SUPPLIED DATA:

■ ■ ■

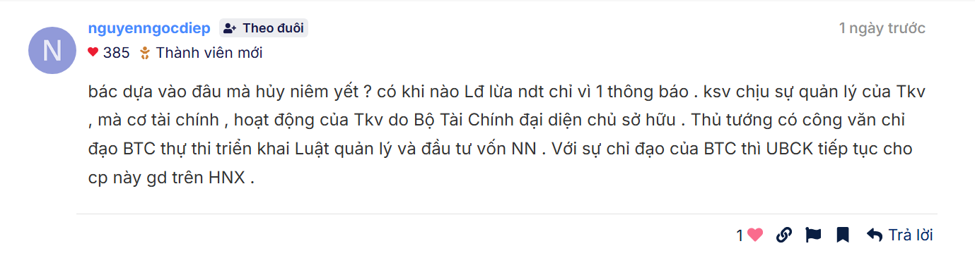 bác dựa vào đâu mà hủy niêm yết ? có khi nào Lđ lừa ndt chỉ vì 1 thông báo . ksv chịu sự quản lý của Tkv , mà cơ tài chính , hoạt động của Tkv do Bộ Tài Chính đại diện chủ sở hữu . Thủ tướng có công văn chỉ đạo BTC thự thi triển khai Luật quản lý và đầu tư vốn NN . Với sự chỉ đạo của BTC thì UBCK tiếp tục cho cp này gd trên HNX .
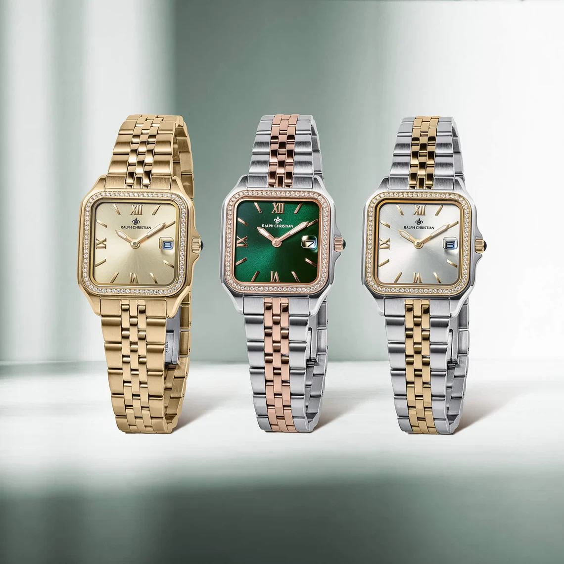 - المؤشرات والأرقام: تتميز الساعة بأرقام رومانية كبيرة على الساعة 12، 3، 6، و 9، وتكون عادةً بلون ذهبي وردي أو فضي ليتناغم مع باقي عناصر الساعة. أما بقية المؤشرات فتكون عبارة عن علامات بسيطة أو خطوط. يبرز شعار Ralph Christian الأنيق تحت الساعة 12.
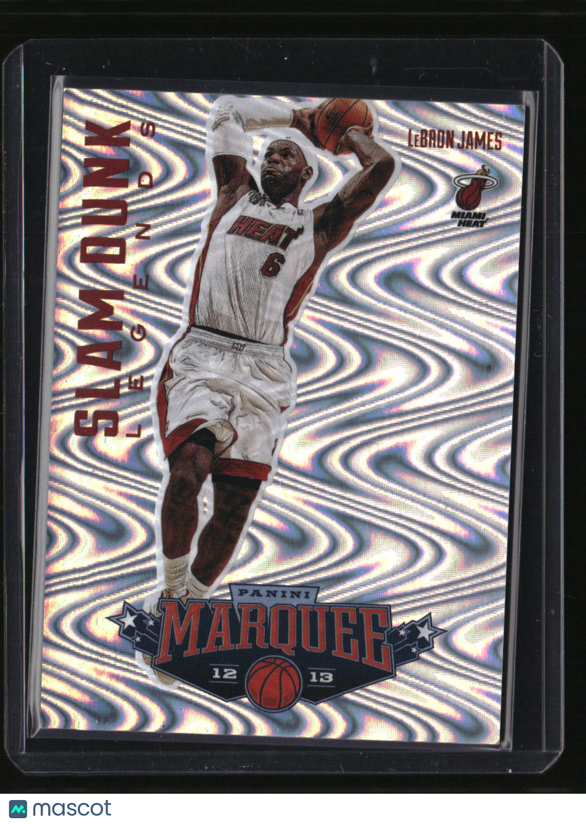 | *This is a Single Trading Card* | *Discounts are not available on Single Trading Cards* | This is a nice example of a 2012-13 Panini Marquee #1 LeBron James Slam Dunk Legends . Please check out our other listings for more great cards. Thank you for your interest in one of our cards!!! Prior to making any bids/purchases, I would kindly ask you to read the information below: Item Condition Please see the provided pictures for the condition of the card or item, pictures of the front and back are provided for your review. We cannot accommodate requests for additional pictures. Any notable flaws or damage to this item will be noted in this listing. Please use the attached photos provided for your own assessment. Graded card cases may come with some minor wear/tear, surface scratch, chipped, or blemish. There are no partial refunds or returns because of the case condition. All single cards will come in protective cases. If you purchase a listing that's sold as a lot it may come in snap cases or sealed in a team bag, and not all cards will be individually sleeved and top loaded in all lots. Raw cards are sold as such, with no guarantees of potential and/or expected grades. All cards are sold as is, with no returns or refunds. Listed With Mascot.
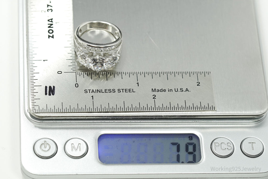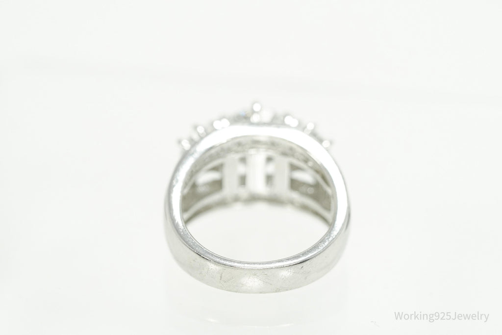 Vintage Cubic Zirconia Platinum Clad Sterling Silver Ring - Size 6.25

■ ■ ■

Give the data above back unchanged, except for the pictures.

 bác dựa vào đâu mà hủy niêm yết ? có khi nào Lđ lừa ndt chỉ vì 1 thông báo . ksv chịu sự quản lý của Tkv , mà cơ tài chính , hoạt động của Tkv do Bộ Tài Chính đại diện chủ sở hữu . Thủ tướng có công văn chỉ đạo BTC thự thi triển khai Luật quản lý và đầu tư vốn NN . Với sự chỉ đạo của BTC thì UBCK tiếp tục cho cp này gd trên HNX .
 - المؤشرات والأرقام: تتميز الساعة بأرقام رومانية كبيرة على الساعة 12، 3، 6، و 9، وتكون عادةً بلون ذهبي وردي أو فضي ليتناغم مع باقي عناصر الساعة. أما بقية المؤشرات فتكون عبارة عن علامات بسيطة أو خطوط. يبرز شعار Ralph Christian الأنيق تحت الساعة 12.
 | *This is a Single Trading Card* | *Discounts are not available on Single Trading Cards* | This is a nice example of a 2012-13 Panini Marquee #1 LeBron James Slam Dunk Legends . Please check out our other listings for more great cards. Thank you for your interest in one of our cards!!! Prior to making any bids/purchases, I would kindly ask you to read the information below: Item Condition Please see the provided pictures for the condition of the card or item, pictures of the front and back are provided for your review. We cannot accommodate requests for additional pictures. Any notable flaws or damage to this item will be noted in this listing. Please use the attached photos provided for your own assessment. Graded card cases may come with some minor wear/tear, surface scratch, chipped, or blemish. There are no partial refunds or returns because of the case condition. All single cards will come in protective cases. If you purchase a listing that's sold as a lot it may come in snap cases or sealed in a team bag, and not all cards will be individually sleeved and top loaded in all lots. Raw cards are sold as such, with no guarantees of potential and/or expected grades. All cards are sold as is, with no returns or refunds. Listed With Mascot.
 Vintage Cubic Zirconia Platinum Clad Sterling Silver Ring - Size 6.25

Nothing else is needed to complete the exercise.